◆ What you need to do
Return the listing in full and exactly, but without a single picture.

◆ Data provided
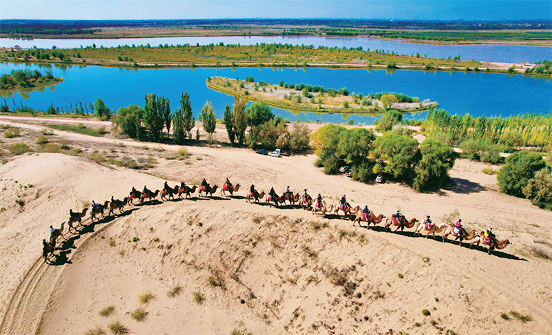 寧夏大力推動(dòng)荒漠化綜合防治,推進(jìn)生態(tài)環(huán)境質(zhì)量持續(xù)向好,讓全區(qū)各族群眾共享自然之美、生命之美、生活之美。圖為2023年10月29日拍攝的位于寧夏銀川市的黃沙古渡國(guó)家濕地公園。 寧夏日?qǐng)?bào)供圖 王猛/攝
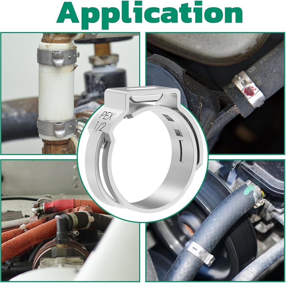 Applications Introduction: The single ear hose clamps can be used for indoor and outdoor pipes, hoses, tube, oil pipes, pex tubings and any other plumbing system. Perfect for water supply system, water heater, air condition system, pipeline system, hydronic heating, electrical plumbing, automotive, industrial, marine etc.
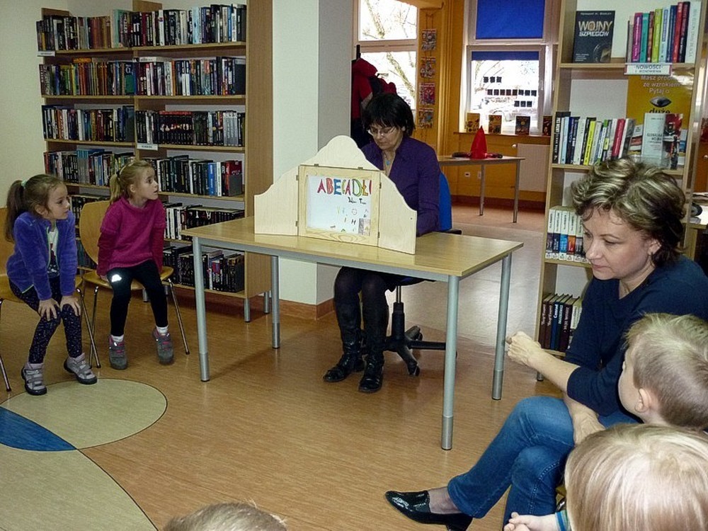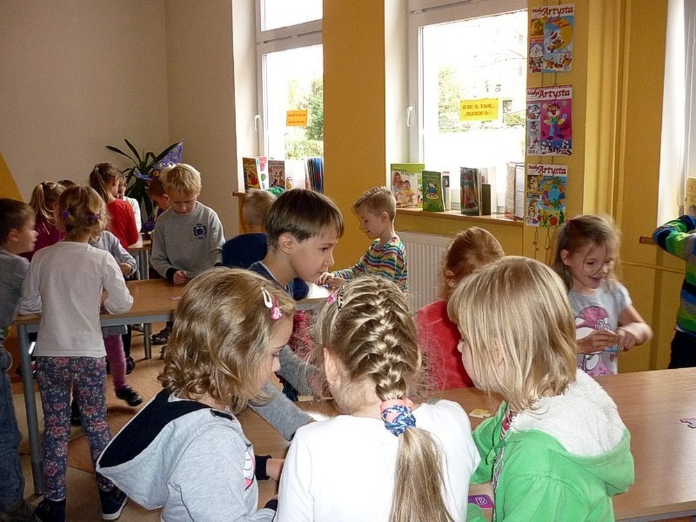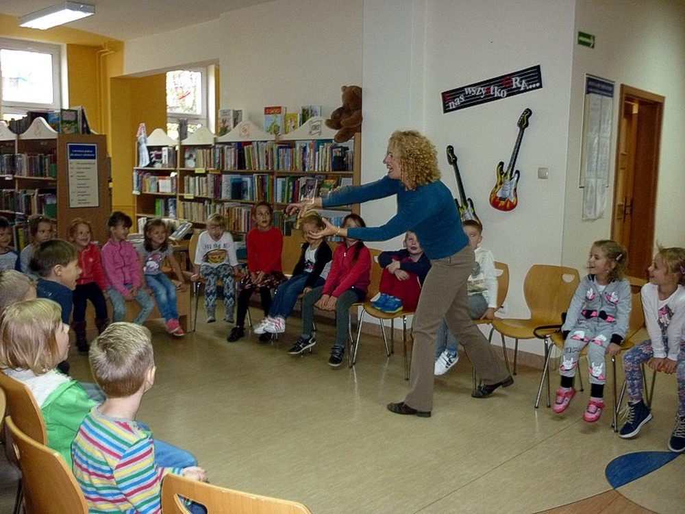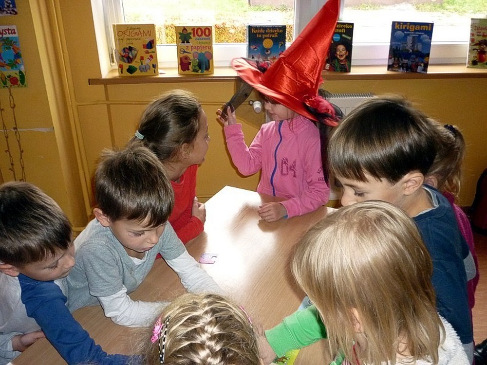 Dzieci przybyły do BAŚNIOWEJ KRAINY w poszukiwaniu zaginionych liter Pana Alfabeta. Zanim trafiły na odpowiedni trop, poznały fascynujące wierszyki i opowiadania, oraz obejrzały teatrzyk Kamishibai. Spotkanie zakończyliśmy startem załogowym kosmicznej rakiety z kosmodromu Biblioteka na orbitę szkolną.
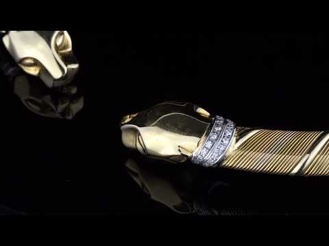 A timeless Carthttier 'Panthere' choker necklace featuring a woven design of white, yellow, and rose 18k gold adorned with 2 bands of round brilliant cut diamonds.
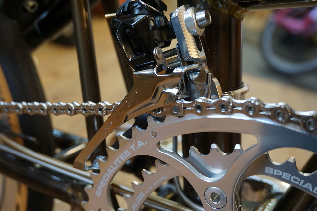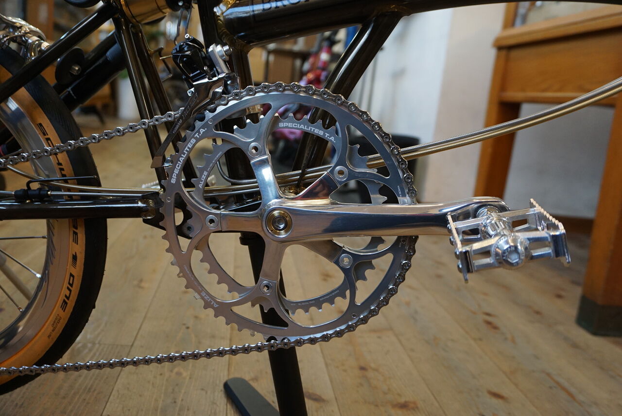 自転車の顔!ともいわれるクランクセットは「【ポリッシュ加工品】スギノ RD4 170mm」にmade inフランスの「T.A ALIZE 56T&44T」でフロントダブル化しています
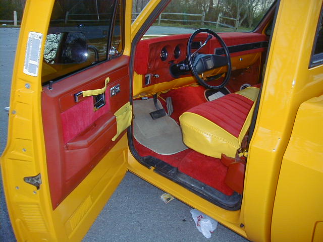 its has a yellow @ red seat with the dash is painted yellow with red velvet covering over the dash. it also has red carpiet with tinted windows.
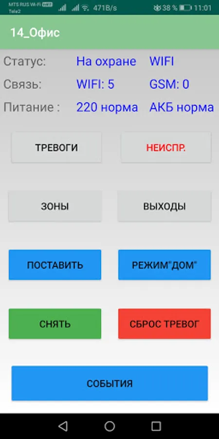 With the Defensio MK application, you can control your fire and security system: arm and disarm, control outputs, view the event log, main and backup power status, signal level and type of communication channels.
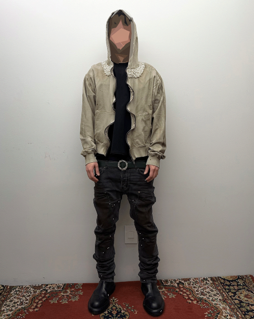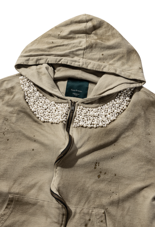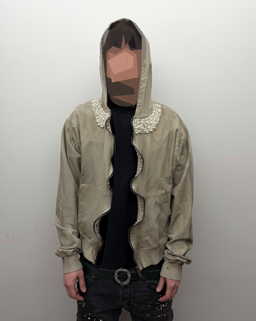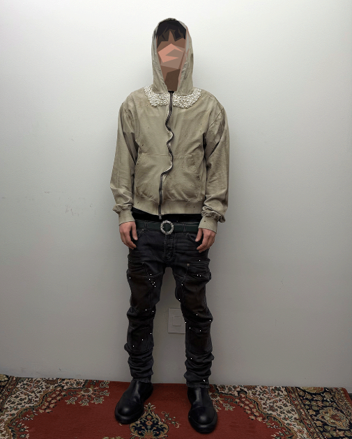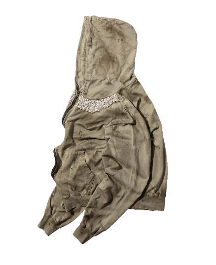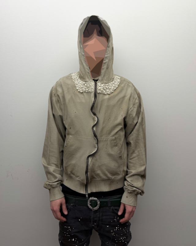 [UNDERMYCAR] Undermycar Elegance In Rags Zipped Hoodie White Pearl
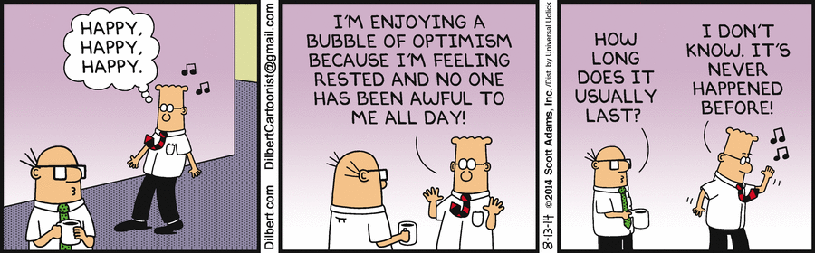 Dilbert: Happy, happy, happy. Dilbert: I'm enjoying a bubble of
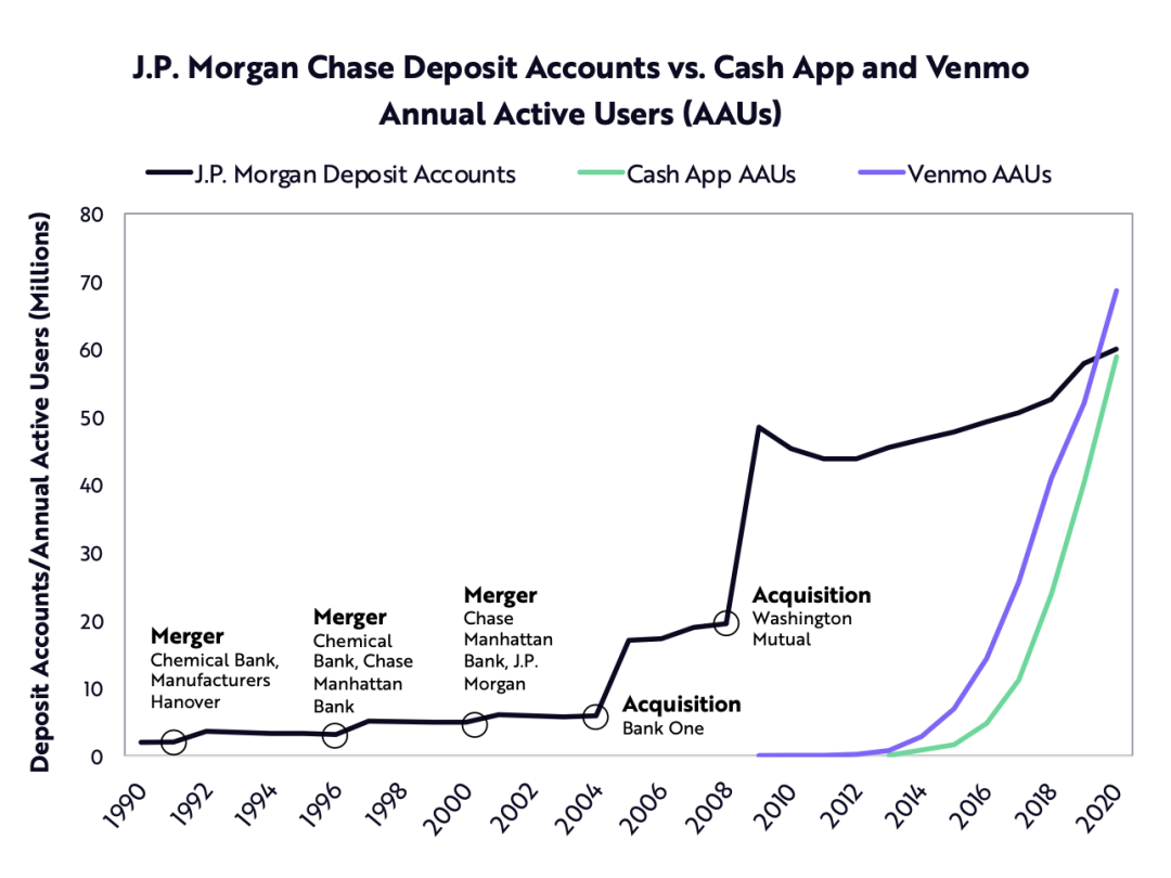 Square旗下的Cash App 和PayPal旗下的Venmo是美国两大支付软件,其存款账户和活跃用户正在超越美国最大的金融机构摩根大通银行(JPM),用时仅7至10年,而摩根大通耗时30年时间。截止2020年末的数据对比之,JPM的存款账户约为6000万美元,Cash App为5900万美元,Venmo约为6900万美元。
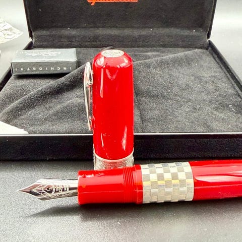 en fyldepen, lukket, 11,8 cm, med skaft og låg (indeholder Ducati-emblem i krombelagt stål), skruemodul i rustfrit stål,
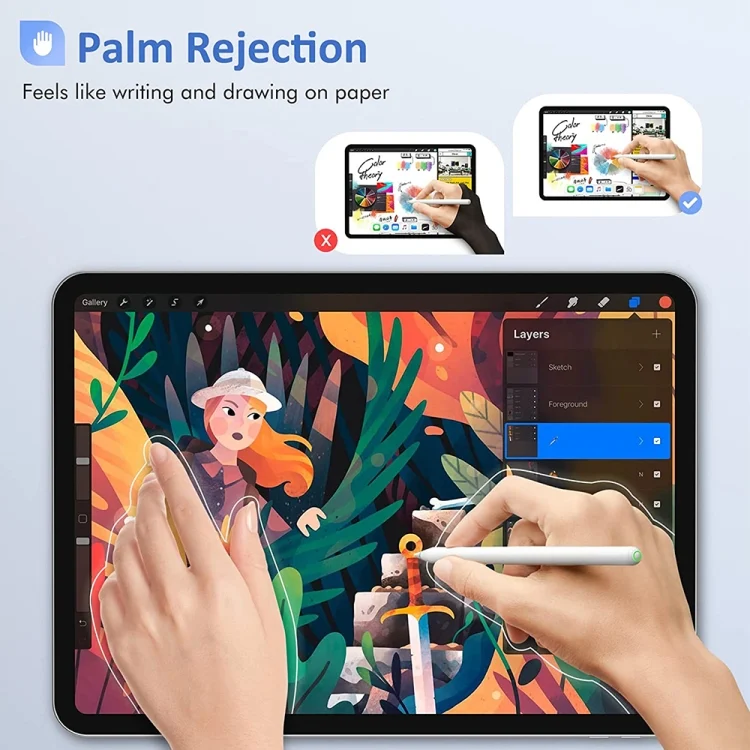 1. Palm rejection: It allows you to rest your hand on the screen while using this stylus pen without any interference.
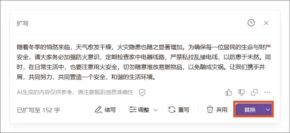 ● 文案扩写:可以补充文案内容,生成内容以后,单击【替换】按钮即可完成文案扩写。
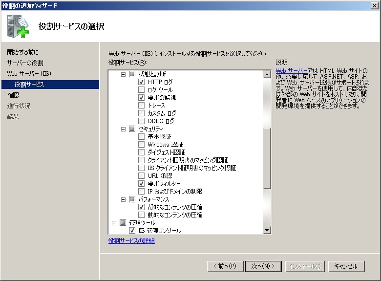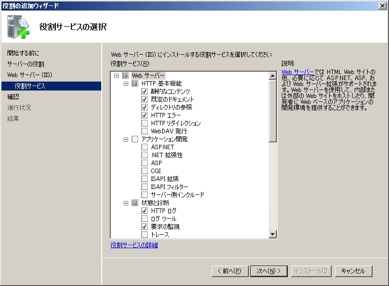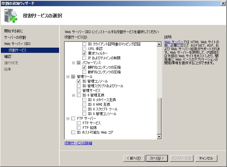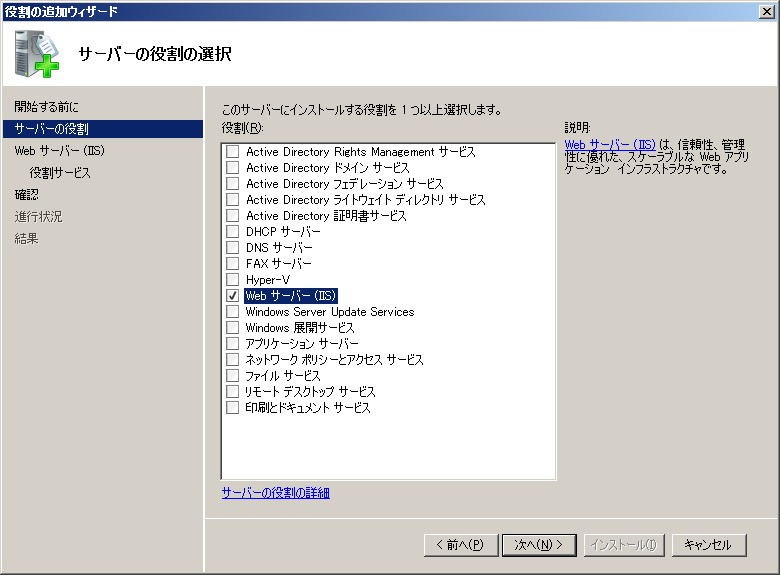 クリックで拡大 - 役割サービスの選択
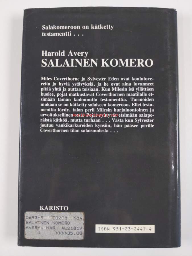 Hyvä. Pienoista kolhua, hieman kulumaa, takana vanha hintalappu, tyhjä etulehti irrotettu. Kansipaperin kunto: pientä kulumaa

◆ Expected answer
 寧夏大力推動(dòng)荒漠化綜合防治,推進(jìn)生態(tài)環(huán)境質(zhì)量持續(xù)向好,讓全區(qū)各族群眾共享自然之美、生命之美、生活之美。圖為2023年10月29日拍攝的位于寧夏銀川市的黃沙古渡國(guó)家濕地公園。 寧夏日?qǐng)?bào)供圖 王猛/攝
 Applications Introduction: The single ear hose clamps can be used for indoor and outdoor pipes, hoses, tube, oil pipes, pex tubings and any other plumbing system. Perfect for water supply system, water heater, air condition system, pipeline system, hydronic heating, electrical plumbing, automotive, industrial, marine etc.
 Dzieci przybyły do BAŚNIOWEJ KRAINY w poszukiwaniu zaginionych liter Pana Alfabeta. Zanim trafiły na odpowiedni trop, poznały fascynujące wierszyki i opowiadania, oraz obejrzały teatrzyk Kamishibai. Spotkanie zakończyliśmy startem załogowym kosmicznej rakiety z kosmodromu Biblioteka na orbitę szkolną.
 A timeless Carthttier 'Panthere' choker necklace featuring a woven design of white, yellow, and rose 18k gold adorned with 2 bands of round brilliant cut diamonds.
 自転車の顔!ともいわれるクランクセットは「【ポリッシュ加工品】スギノ RD4 170mm」にmade inフランスの「T.A ALIZE 56T&44T」でフロントダブル化しています
 its has a yellow @ red seat with the dash is painted yellow with red velvet covering over the dash. it also has red carpiet with tinted windows.
 With the Defensio MK application, you can control your fire and security system: arm and disarm, control outputs, view the event log, main and backup power status, signal level and type of communication channels.
 [UNDERMYCAR] Undermycar Elegance In Rags Zipped Hoodie White Pearl
 Dilbert: Happy, happy, happy. Dilbert: I'm enjoying a bubble of
 Square旗下的Cash App 和PayPal旗下的Venmo是美国两大支付软件,其存款账户和活跃用户正在超越美国最大的金融机构摩根大通银行(JPM),用时仅7至10年,而摩根大通耗时30年时间。截止2020年末的数据对比之,JPM的存款账户约为6000万美元,Cash App为5900万美元,Venmo约为6900万美元。
 en fyldepen, lukket, 11,8 cm, med skaft og låg (indeholder Ducati-emblem i krombelagt stål), skruemodul i rustfrit stål,
 1. Palm rejection: It allows you to rest your hand on the screen while using this stylus pen without any interference.
 ● 文案扩写:可以补充文案内容,生成内容以后,单击【替换】按钮即可完成文案扩写。
 クリックで拡大 - 役割サービスの選択
 Hyvä. Pienoista kolhua, hieman kulumaa, takana vanha hintalappu, tyhjä etulehti irrotettu. Kansipaperin kunto: pientä kulumaa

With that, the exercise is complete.